(GIVEN MATERIAL):

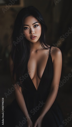 Asian woman in a black floor-length dress with a plunging neckline
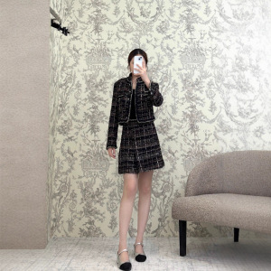 2025秋季新款南油cha气质名媛小香风圆领单排扣口袋外套+半裙套装
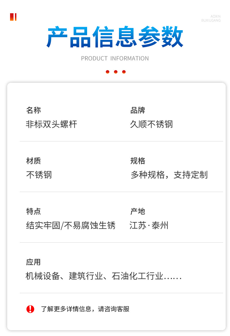 推荐理由:304不锈钢非标双头螺杆通丝牙条双头螺纹牙棒不等长双头螺杆
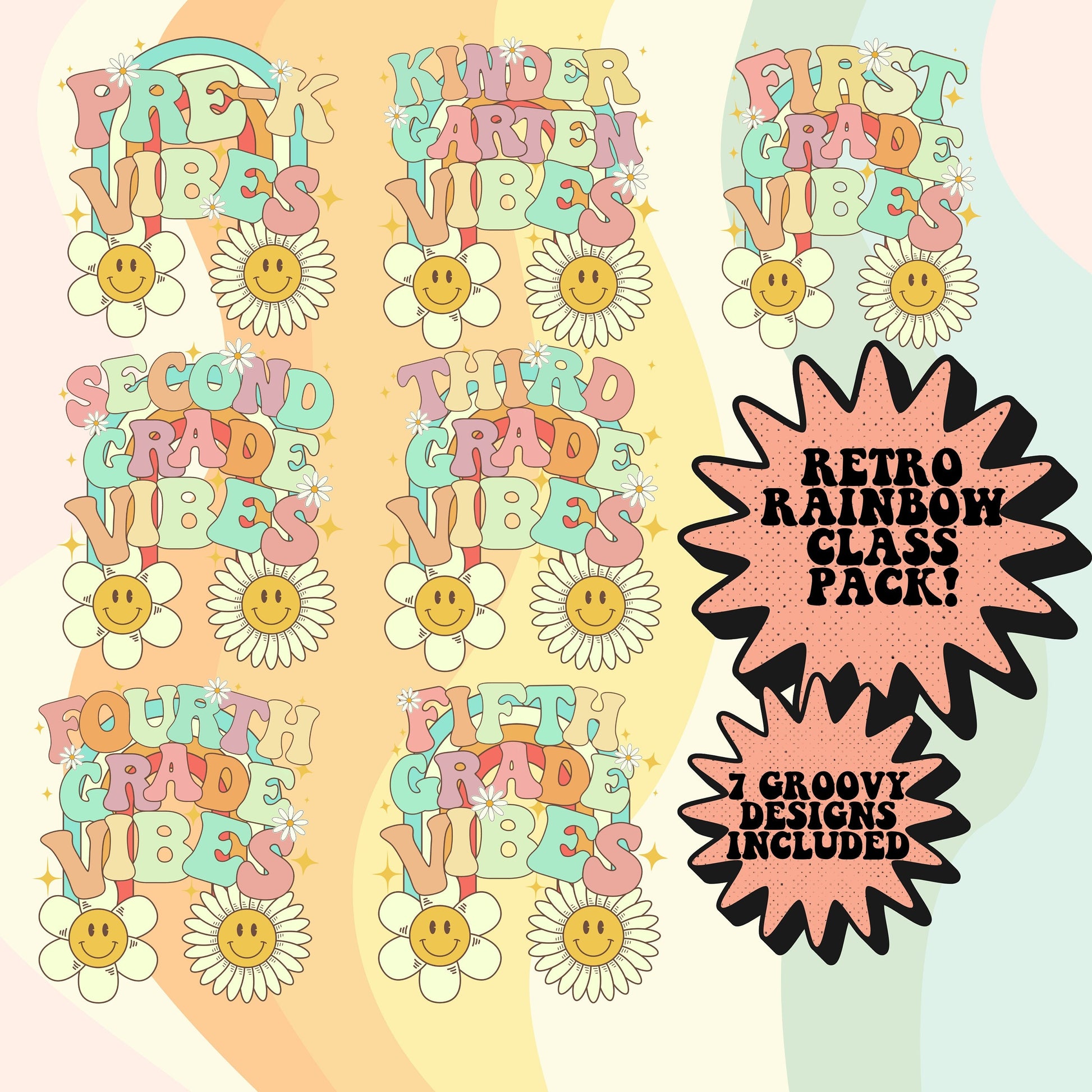Grade Level Retro Vibes PNG bundle Retro Font Digital PNG File Back to school rainbow smiley sunshine digital download, teacher kids shirt

(TASK DESCRIPTION): Please restate the whole listing exactly, without any of its pictures.

(ANSWER BOX):
 Asian woman in a black floor-length dress with a plunging neckline
 2025秋季新款南油cha气质名媛小香风圆领单排扣口袋外套+半裙套装
 推荐理由:304不锈钢非标双头螺杆通丝牙条双头螺纹牙棒不等长双头螺杆
Grade Level Retro Vibes PNG bundle Retro Font Digital PNG File Back to school rainbow smiley sunshine digital download, teacher kids shirt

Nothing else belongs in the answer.